Work instruction: Images are not part of the copy; write out the rest of the data exactly as given.

---------- Task input

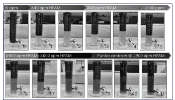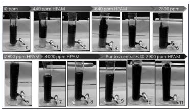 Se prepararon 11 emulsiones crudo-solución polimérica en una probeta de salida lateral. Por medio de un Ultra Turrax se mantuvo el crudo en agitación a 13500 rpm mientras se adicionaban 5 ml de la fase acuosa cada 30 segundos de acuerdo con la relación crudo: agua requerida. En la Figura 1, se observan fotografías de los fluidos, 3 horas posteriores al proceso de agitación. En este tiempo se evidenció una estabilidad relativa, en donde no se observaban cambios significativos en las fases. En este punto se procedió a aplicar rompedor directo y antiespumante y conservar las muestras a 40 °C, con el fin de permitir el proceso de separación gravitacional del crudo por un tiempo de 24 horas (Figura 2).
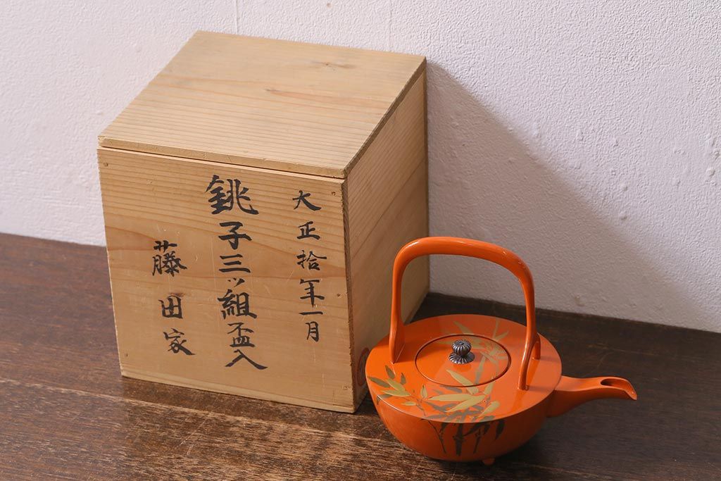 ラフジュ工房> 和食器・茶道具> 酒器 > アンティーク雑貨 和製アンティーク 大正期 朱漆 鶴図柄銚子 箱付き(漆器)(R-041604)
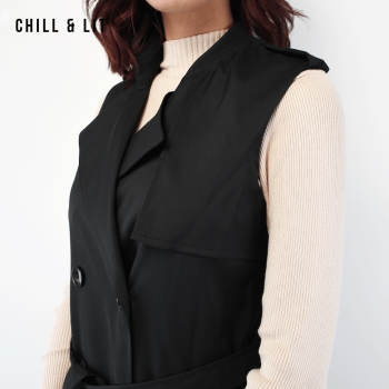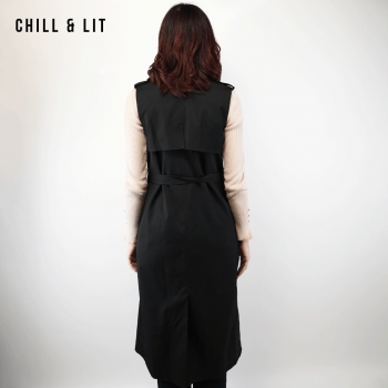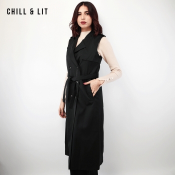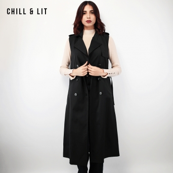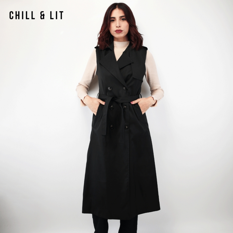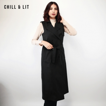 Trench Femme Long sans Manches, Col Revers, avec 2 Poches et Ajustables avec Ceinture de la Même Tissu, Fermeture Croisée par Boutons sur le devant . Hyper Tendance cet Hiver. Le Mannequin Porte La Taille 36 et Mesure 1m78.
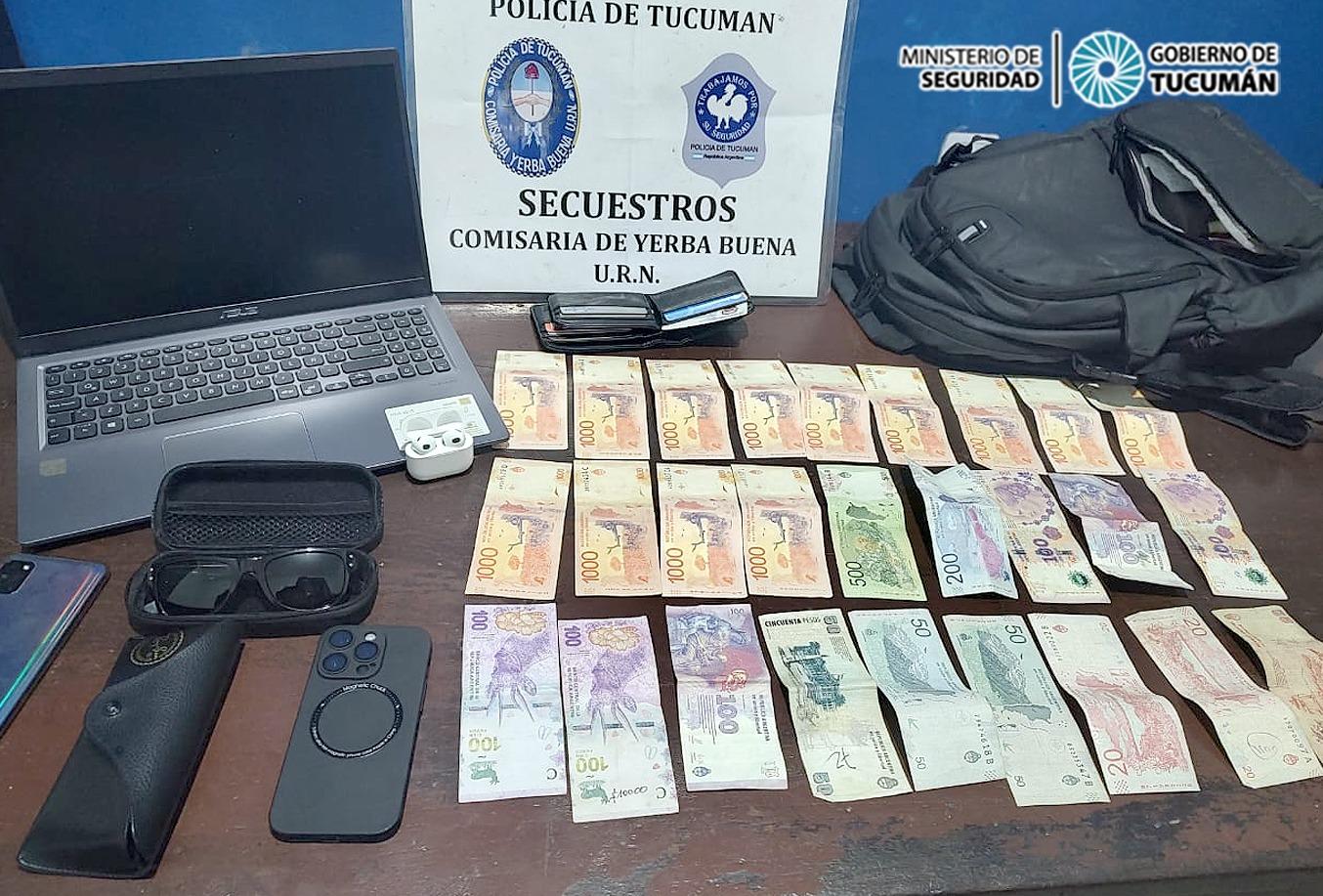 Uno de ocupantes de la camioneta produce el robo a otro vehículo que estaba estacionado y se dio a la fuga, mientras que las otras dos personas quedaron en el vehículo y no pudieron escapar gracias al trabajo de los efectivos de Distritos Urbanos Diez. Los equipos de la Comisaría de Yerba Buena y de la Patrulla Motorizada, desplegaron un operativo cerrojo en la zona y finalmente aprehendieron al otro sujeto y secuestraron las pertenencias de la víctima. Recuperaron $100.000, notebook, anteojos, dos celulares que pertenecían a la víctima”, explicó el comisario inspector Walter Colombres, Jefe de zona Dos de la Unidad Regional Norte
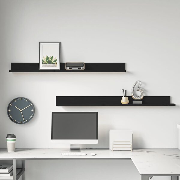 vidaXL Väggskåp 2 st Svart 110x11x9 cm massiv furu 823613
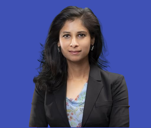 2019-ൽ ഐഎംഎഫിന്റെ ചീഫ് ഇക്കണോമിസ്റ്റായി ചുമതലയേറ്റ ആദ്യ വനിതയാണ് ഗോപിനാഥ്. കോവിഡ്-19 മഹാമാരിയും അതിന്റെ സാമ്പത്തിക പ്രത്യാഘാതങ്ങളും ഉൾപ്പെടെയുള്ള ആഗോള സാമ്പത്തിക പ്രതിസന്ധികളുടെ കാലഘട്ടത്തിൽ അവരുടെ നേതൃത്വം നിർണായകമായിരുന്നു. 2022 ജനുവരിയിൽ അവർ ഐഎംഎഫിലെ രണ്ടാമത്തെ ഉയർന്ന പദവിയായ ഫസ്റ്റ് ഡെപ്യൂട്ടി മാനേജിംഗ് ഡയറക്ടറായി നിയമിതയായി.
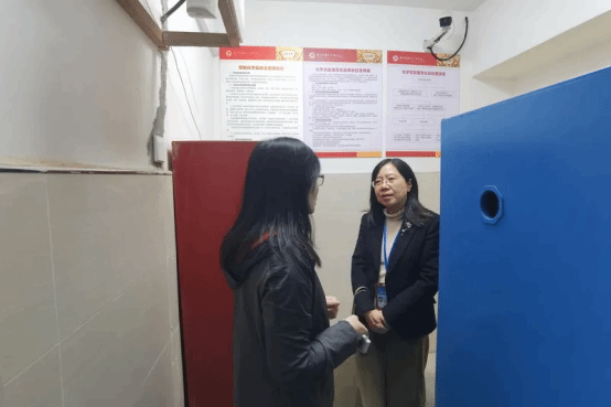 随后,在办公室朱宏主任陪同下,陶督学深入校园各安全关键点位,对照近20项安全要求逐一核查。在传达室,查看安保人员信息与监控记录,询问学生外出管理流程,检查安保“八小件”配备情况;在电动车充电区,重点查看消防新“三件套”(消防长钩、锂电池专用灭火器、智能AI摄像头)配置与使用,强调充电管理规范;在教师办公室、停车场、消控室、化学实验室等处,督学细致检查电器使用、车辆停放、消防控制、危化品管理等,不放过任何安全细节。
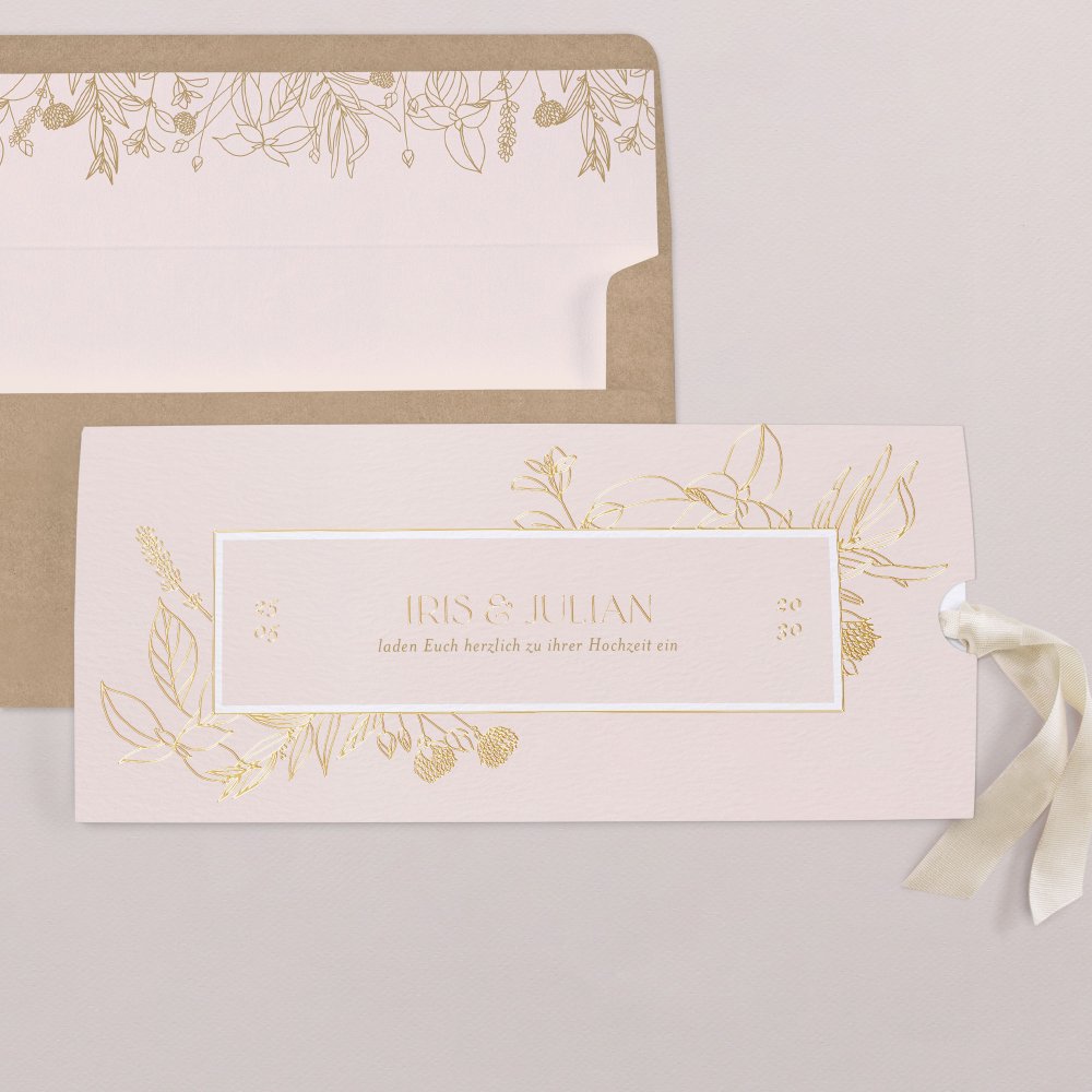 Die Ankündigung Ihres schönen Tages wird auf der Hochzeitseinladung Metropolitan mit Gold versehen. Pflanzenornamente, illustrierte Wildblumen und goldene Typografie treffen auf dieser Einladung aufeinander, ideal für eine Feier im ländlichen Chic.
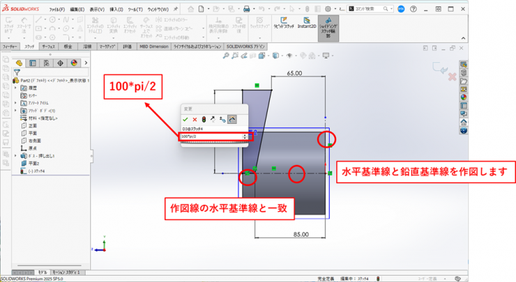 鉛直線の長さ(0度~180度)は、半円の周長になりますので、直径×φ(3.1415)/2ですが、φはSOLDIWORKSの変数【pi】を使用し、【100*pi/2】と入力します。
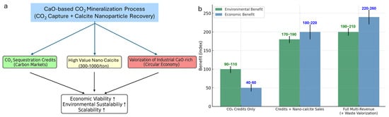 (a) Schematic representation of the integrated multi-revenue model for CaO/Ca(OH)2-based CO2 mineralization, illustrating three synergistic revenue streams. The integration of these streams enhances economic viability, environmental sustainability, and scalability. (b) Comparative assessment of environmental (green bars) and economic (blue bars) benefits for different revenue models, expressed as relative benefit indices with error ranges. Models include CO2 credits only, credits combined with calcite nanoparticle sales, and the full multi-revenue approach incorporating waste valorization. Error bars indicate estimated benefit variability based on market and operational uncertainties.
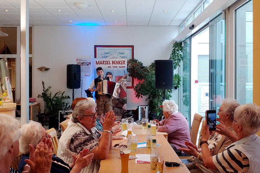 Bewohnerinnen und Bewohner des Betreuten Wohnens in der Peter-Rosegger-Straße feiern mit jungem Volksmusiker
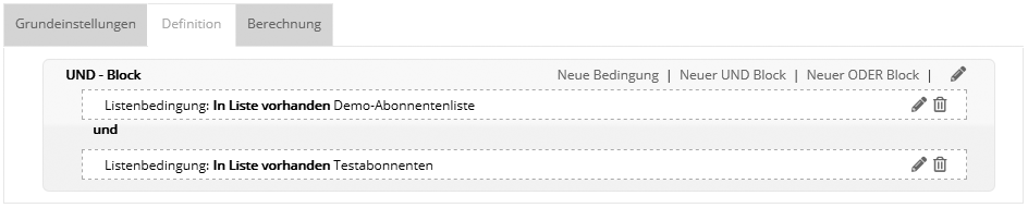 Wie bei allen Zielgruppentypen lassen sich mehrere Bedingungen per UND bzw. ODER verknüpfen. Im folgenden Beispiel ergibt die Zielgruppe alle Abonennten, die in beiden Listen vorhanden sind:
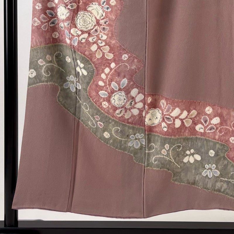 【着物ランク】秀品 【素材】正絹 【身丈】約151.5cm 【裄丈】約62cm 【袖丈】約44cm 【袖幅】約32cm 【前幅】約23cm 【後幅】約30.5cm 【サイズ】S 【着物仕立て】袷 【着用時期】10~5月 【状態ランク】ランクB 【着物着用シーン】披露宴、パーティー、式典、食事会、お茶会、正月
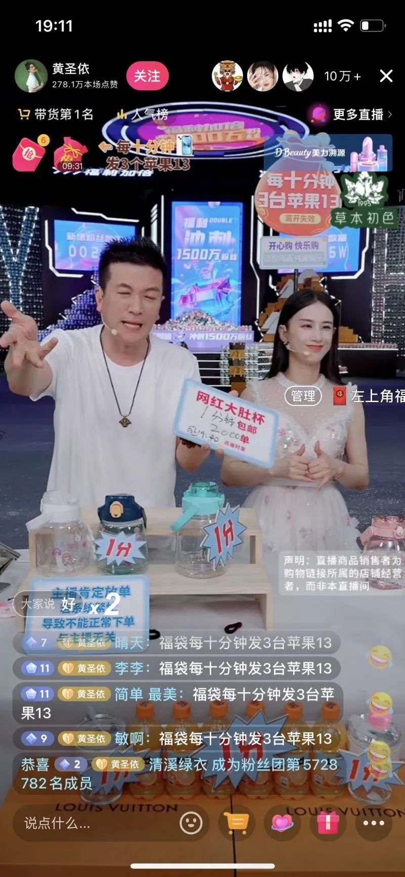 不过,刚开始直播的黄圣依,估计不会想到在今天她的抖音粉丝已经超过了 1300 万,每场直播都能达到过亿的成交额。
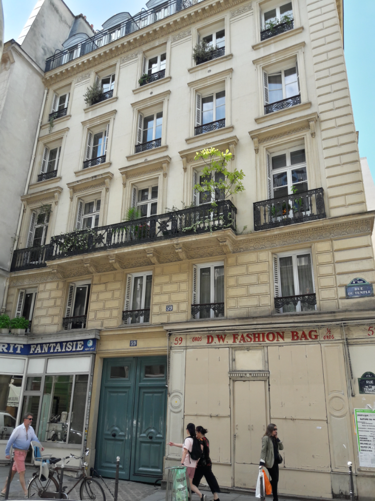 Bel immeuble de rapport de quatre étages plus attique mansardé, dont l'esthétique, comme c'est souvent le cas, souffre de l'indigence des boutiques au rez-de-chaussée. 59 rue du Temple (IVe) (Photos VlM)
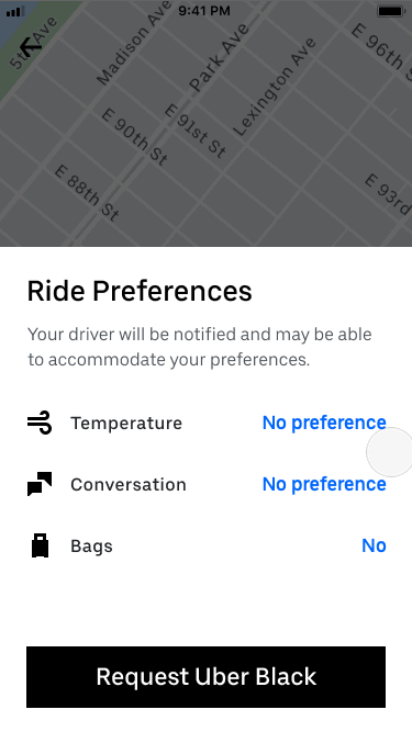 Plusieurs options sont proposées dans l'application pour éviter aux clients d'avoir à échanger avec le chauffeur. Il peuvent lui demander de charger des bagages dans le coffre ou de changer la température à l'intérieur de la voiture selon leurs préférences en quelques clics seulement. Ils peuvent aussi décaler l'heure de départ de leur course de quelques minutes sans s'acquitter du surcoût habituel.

--------------------

Result:
 Se prepararon 11 emulsiones crudo-solución polimérica en una probeta de salida lateral. Por medio de un Ultra Turrax se mantuvo el crudo en agitación a 13500 rpm mientras se adicionaban 5 ml de la fase acuosa cada 30 segundos de acuerdo con la relación crudo: agua requerida. En la Figura 1, se observan fotografías de los fluidos, 3 horas posteriores al proceso de agitación. En este tiempo se evidenció una estabilidad relativa, en donde no se observaban cambios significativos en las fases. En este punto se procedió a aplicar rompedor directo y antiespumante y conservar las muestras a 40 °C, con el fin de permitir el proceso de separación gravitacional del crudo por un tiempo de 24 horas (Figura 2).
 ラフジュ工房> 和食器・茶道具> 酒器 > アンティーク雑貨 和製アンティーク 大正期 朱漆 鶴図柄銚子 箱付き(漆器)(R-041604)
 Trench Femme Long sans Manches, Col Revers, avec 2 Poches et Ajustables avec Ceinture de la Même Tissu, Fermeture Croisée par Boutons sur le devant . Hyper Tendance cet Hiver. Le Mannequin Porte La Taille 36 et Mesure 1m78.
 Uno de ocupantes de la camioneta produce el robo a otro vehículo que estaba estacionado y se dio a la fuga, mientras que las otras dos personas quedaron en el vehículo y no pudieron escapar gracias al trabajo de los efectivos de Distritos Urbanos Diez. Los equipos de la Comisaría de Yerba Buena y de la Patrulla Motorizada, desplegaron un operativo cerrojo en la zona y finalmente aprehendieron al otro sujeto y secuestraron las pertenencias de la víctima. Recuperaron $100.000, notebook, anteojos, dos celulares que pertenecían a la víctima”, explicó el comisario inspector Walter Colombres, Jefe de zona Dos de la Unidad Regional Norte
 vidaXL Väggskåp 2 st Svart 110x11x9 cm massiv furu 823613
 2019-ൽ ഐഎംഎഫിന്റെ ചീഫ് ഇക്കണോമിസ്റ്റായി ചുമതലയേറ്റ ആദ്യ വനിതയാണ് ഗോപിനാഥ്. കോവിഡ്-19 മഹാമാരിയും അതിന്റെ സാമ്പത്തിക പ്രത്യാഘാതങ്ങളും ഉൾപ്പെടെയുള്ള ആഗോള സാമ്പത്തിക പ്രതിസന്ധികളുടെ കാലഘട്ടത്തിൽ അവരുടെ നേതൃത്വം നിർണായകമായിരുന്നു. 2022 ജനുവരിയിൽ അവർ ഐഎംഎഫിലെ രണ്ടാമത്തെ ഉയർന്ന പദവിയായ ഫസ്റ്റ് ഡെപ്യൂട്ടി മാനേജിംഗ് ഡയറക്ടറായി നിയമിതയായി.
 随后,在办公室朱宏主任陪同下,陶督学深入校园各安全关键点位,对照近20项安全要求逐一核查。在传达室,查看安保人员信息与监控记录,询问学生外出管理流程,检查安保“八小件”配备情况;在电动车充电区,重点查看消防新“三件套”(消防长钩、锂电池专用灭火器、智能AI摄像头)配置与使用,强调充电管理规范;在教师办公室、停车场、消控室、化学实验室等处,督学细致检查电器使用、车辆停放、消防控制、危化品管理等,不放过任何安全细节。
 Die Ankündigung Ihres schönen Tages wird auf der Hochzeitseinladung Metropolitan mit Gold versehen. Pflanzenornamente, illustrierte Wildblumen und goldene Typografie treffen auf dieser Einladung aufeinander, ideal für eine Feier im ländlichen Chic.
 鉛直線の長さ(0度~180度)は、半円の周長になりますので、直径×φ(3.1415)/2ですが、φはSOLDIWORKSの変数【pi】を使用し、【100*pi/2】と入力します。
 (a) Schematic representation of the integrated multi-revenue model for CaO/Ca(OH)2-based CO2 mineralization, illustrating three synergistic revenue streams. The integration of these streams enhances economic viability, environmental sustainability, and scalability. (b) Comparative assessment of environmental (green bars) and economic (blue bars) benefits for different revenue models, expressed as relative benefit indices with error ranges. Models include CO2 credits only, credits combined with calcite nanoparticle sales, and the full multi-revenue approach incorporating waste valorization. Error bars indicate estimated benefit variability based on market and operational uncertainties.
 Bewohnerinnen und Bewohner des Betreuten Wohnens in der Peter-Rosegger-Straße feiern mit jungem Volksmusiker
 Wie bei allen Zielgruppentypen lassen sich mehrere Bedingungen per UND bzw. ODER verknüpfen. Im folgenden Beispiel ergibt die Zielgruppe alle Abonennten, die in beiden Listen vorhanden sind:
 【着物ランク】秀品 【素材】正絹 【身丈】約151.5cm 【裄丈】約62cm 【袖丈】約44cm 【袖幅】約32cm 【前幅】約23cm 【後幅】約30.5cm 【サイズ】S 【着物仕立て】袷 【着用時期】10~5月 【状態ランク】ランクB 【着物着用シーン】披露宴、パーティー、式典、食事会、お茶会、正月
 不过,刚开始直播的黄圣依,估计不会想到在今天她的抖音粉丝已经超过了 1300 万,每场直播都能达到过亿的成交额。
 Bel immeuble de rapport de quatre étages plus attique mansardé, dont l'esthétique, comme c'est souvent le cas, souffre de l'indigence des boutiques au rez-de-chaussée. 59 rue du Temple (IVe) (Photos VlM)
 Plusieurs options sont proposées dans l'application pour éviter aux clients d'avoir à échanger avec le chauffeur. Il peuvent lui demander de charger des bagages dans le coffre ou de changer la température à l'intérieur de la voiture selon leurs préférences en quelques clics seulement. Ils peuvent aussi décaler l'heure de départ de leur course de quelques minutes sans s'acquitter du surcoût habituel.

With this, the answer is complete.